Task to complete: Reproduce exactly the lines from the one containing "این دستگاه با" through the end of the entries, including both. Drop the pictures.

** Opening Records for the exercise block **

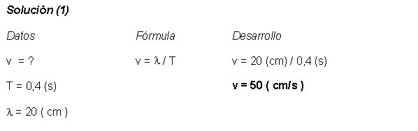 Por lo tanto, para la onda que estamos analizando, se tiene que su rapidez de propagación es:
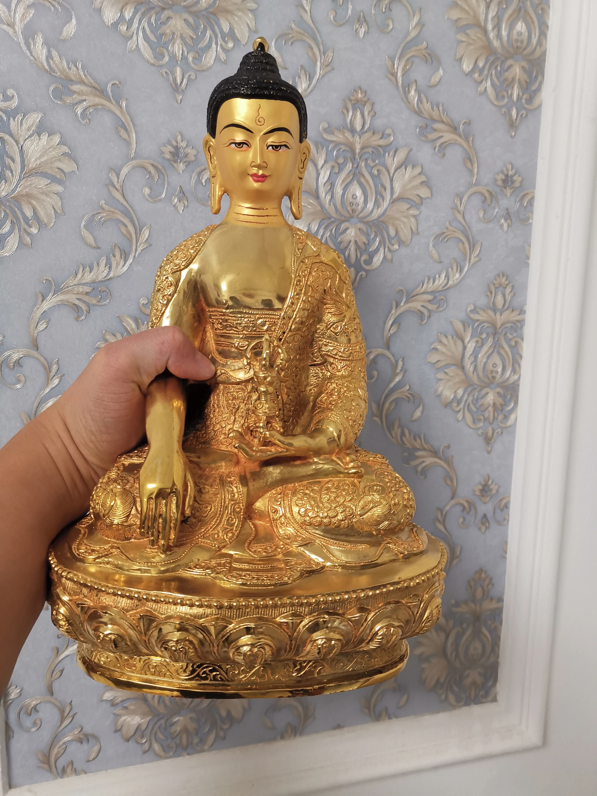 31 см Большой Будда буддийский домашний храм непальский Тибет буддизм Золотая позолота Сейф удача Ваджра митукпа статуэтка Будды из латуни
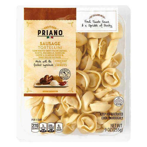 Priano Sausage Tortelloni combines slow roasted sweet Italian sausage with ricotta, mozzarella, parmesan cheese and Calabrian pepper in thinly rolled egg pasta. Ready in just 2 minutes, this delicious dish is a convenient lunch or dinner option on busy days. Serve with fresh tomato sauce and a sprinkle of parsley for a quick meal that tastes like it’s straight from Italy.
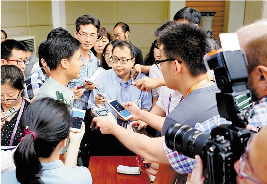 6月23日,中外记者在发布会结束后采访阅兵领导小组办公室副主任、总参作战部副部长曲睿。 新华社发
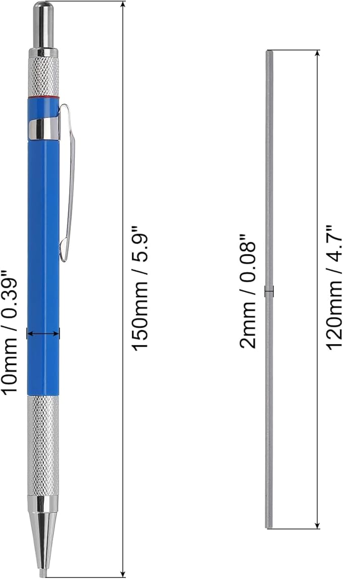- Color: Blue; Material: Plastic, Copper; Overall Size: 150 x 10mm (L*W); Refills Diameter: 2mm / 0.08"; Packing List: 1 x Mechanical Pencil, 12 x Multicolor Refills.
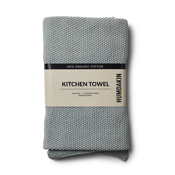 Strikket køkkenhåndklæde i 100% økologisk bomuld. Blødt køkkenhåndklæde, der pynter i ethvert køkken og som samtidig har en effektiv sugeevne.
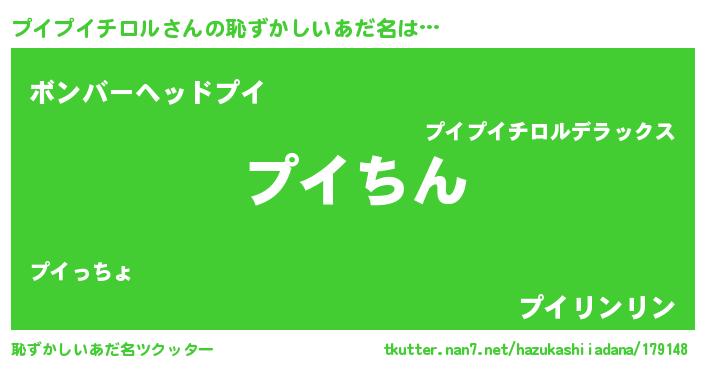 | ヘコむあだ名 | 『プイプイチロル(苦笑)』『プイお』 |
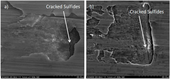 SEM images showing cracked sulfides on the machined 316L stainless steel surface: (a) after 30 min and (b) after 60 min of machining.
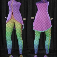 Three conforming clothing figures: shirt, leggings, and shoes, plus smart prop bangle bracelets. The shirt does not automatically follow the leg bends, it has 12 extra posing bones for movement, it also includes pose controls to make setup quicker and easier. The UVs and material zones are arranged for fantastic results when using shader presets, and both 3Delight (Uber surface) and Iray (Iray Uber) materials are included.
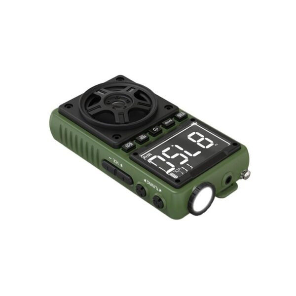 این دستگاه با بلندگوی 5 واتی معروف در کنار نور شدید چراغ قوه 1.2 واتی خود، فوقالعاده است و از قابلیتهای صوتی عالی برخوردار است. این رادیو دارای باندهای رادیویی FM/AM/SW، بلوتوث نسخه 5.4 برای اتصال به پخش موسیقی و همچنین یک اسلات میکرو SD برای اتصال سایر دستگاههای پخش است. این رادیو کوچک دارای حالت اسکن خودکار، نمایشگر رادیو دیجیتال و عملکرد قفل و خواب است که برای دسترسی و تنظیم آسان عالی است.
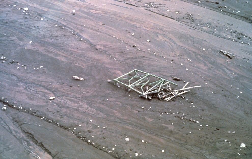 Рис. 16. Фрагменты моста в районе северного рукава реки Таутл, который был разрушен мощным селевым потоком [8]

** Closing Records for the exercise block **

Response to this exercise:
 این دستگاه با بلندگوی 5 واتی معروف در کنار نور شدید چراغ قوه 1.2 واتی خود، فوقالعاده است و از قابلیتهای صوتی عالی برخوردار است. این رادیو دارای باندهای رادیویی FM/AM/SW، بلوتوث نسخه 5.4 برای اتصال به پخش موسیقی و همچنین یک اسلات میکرو SD برای اتصال سایر دستگاههای پخش است. این رادیو کوچک دارای حالت اسکن خودکار، نمایشگر رادیو دیجیتال و عملکرد قفل و خواب است که برای دسترسی و تنظیم آسان عالی است.
 Рис. 16. Фрагменты моста в районе северного рукава реки Таутл, который был разрушен мощным селевым потоком [8]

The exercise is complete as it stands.